COLLECTED DATA Start Marker
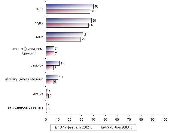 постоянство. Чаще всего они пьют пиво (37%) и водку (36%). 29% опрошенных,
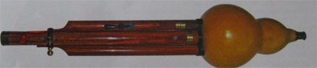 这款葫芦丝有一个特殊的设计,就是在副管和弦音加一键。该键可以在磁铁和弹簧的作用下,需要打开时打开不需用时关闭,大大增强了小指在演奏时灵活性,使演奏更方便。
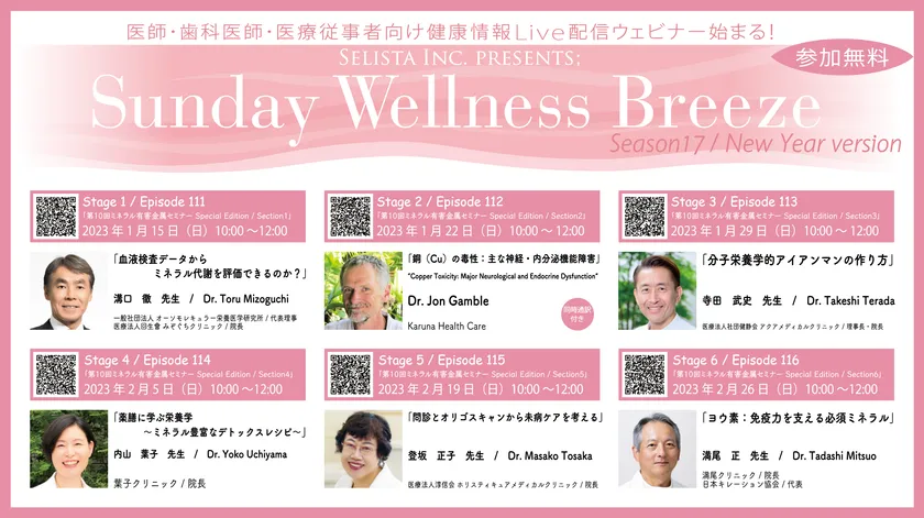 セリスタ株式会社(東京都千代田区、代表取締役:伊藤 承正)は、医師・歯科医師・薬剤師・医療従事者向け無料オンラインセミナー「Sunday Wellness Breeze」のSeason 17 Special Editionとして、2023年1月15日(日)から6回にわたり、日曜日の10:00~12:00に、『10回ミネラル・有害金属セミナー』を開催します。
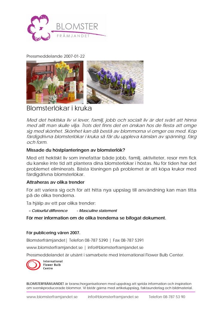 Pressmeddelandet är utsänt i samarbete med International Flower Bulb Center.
COLLECTED DATA End Marker
◆ WHAT THE EXERCISE ASKS
Your output must reproduce the material above in full, with no pictures.

◆ RESPONSE
 постоянство. Чаще всего они пьют пиво (37%) и водку (36%). 29% опрошенных,
 这款葫芦丝有一个特殊的设计,就是在副管和弦音加一键。该键可以在磁铁和弹簧的作用下,需要打开时打开不需用时关闭,大大增强了小指在演奏时灵活性,使演奏更方便。
 セリスタ株式会社(東京都千代田区、代表取締役:伊藤 承正)は、医師・歯科医師・薬剤師・医療従事者向け無料オンラインセミナー「Sunday Wellness Breeze」のSeason 17 Special Editionとして、2023年1月15日(日)から6回にわたり、日曜日の10:00~12:00に、『10回ミネラル・有害金属セミナー』を開催します。
 Pressmeddelandet är utsänt i samarbete med International Flower Bulb Center.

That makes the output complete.